Word for word, restate the lines of the data below between those holding "其中,第三方软硬件指的是外采" and "Durable Construction: The", inclusive; pictures do not belong in the copy.
(Beginning of RECORDED INFORMATION)
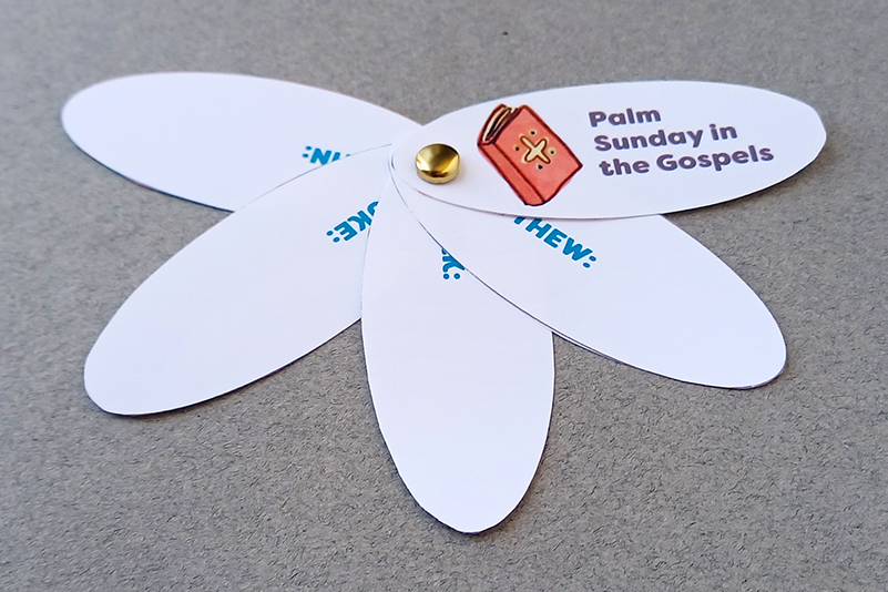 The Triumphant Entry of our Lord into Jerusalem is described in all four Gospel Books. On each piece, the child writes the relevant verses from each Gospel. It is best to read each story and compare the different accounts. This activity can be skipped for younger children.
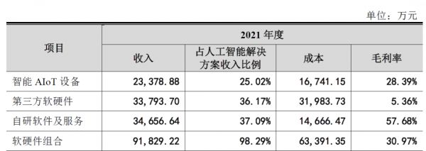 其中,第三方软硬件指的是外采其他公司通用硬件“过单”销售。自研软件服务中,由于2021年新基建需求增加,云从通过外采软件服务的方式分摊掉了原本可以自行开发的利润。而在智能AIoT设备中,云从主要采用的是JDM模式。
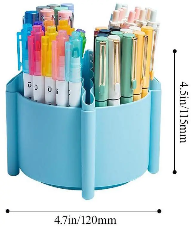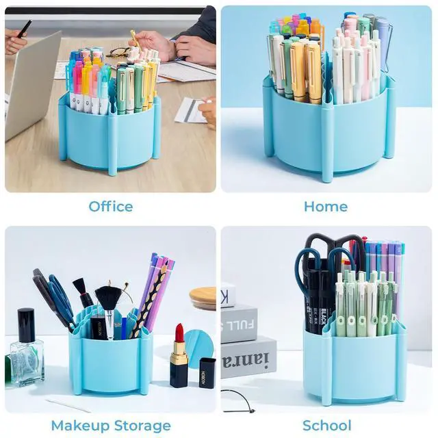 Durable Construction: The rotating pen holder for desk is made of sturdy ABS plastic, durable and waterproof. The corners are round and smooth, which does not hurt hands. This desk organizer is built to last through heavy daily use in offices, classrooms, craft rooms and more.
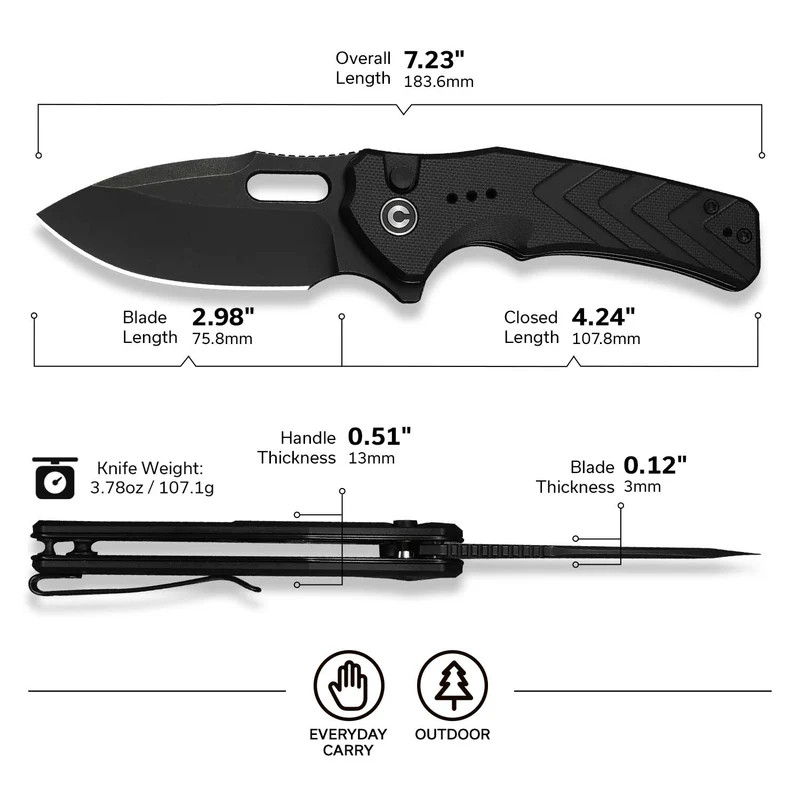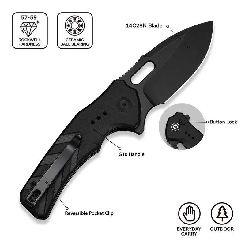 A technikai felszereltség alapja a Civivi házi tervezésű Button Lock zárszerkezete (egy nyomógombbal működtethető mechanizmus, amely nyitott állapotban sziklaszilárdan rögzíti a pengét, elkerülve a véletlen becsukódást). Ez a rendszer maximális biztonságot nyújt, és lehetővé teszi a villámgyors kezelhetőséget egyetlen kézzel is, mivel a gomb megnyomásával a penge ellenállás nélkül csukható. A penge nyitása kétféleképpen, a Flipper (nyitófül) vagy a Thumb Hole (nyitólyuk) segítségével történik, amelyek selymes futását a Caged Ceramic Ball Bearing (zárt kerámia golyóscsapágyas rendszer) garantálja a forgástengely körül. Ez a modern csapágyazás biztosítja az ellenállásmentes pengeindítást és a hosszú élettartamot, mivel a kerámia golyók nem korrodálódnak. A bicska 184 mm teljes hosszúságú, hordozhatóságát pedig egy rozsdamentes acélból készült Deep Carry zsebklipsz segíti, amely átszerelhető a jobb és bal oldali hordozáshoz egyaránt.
(End of RECORDED INFORMATION)
**ANSWER SECTION**
 其中,第三方软硬件指的是外采其他公司通用硬件“过单”销售。自研软件服务中,由于2021年新基建需求增加,云从通过外采软件服务的方式分摊掉了原本可以自行开发的利润。而在智能AIoT设备中,云从主要采用的是JDM模式。
 Durable Construction: The rotating pen holder for desk is made of sturdy ABS plastic, durable and waterproof. The corners are round and smooth, which does not hurt hands. This desk organizer is built to last through heavy daily use in offices, classrooms, craft rooms and more.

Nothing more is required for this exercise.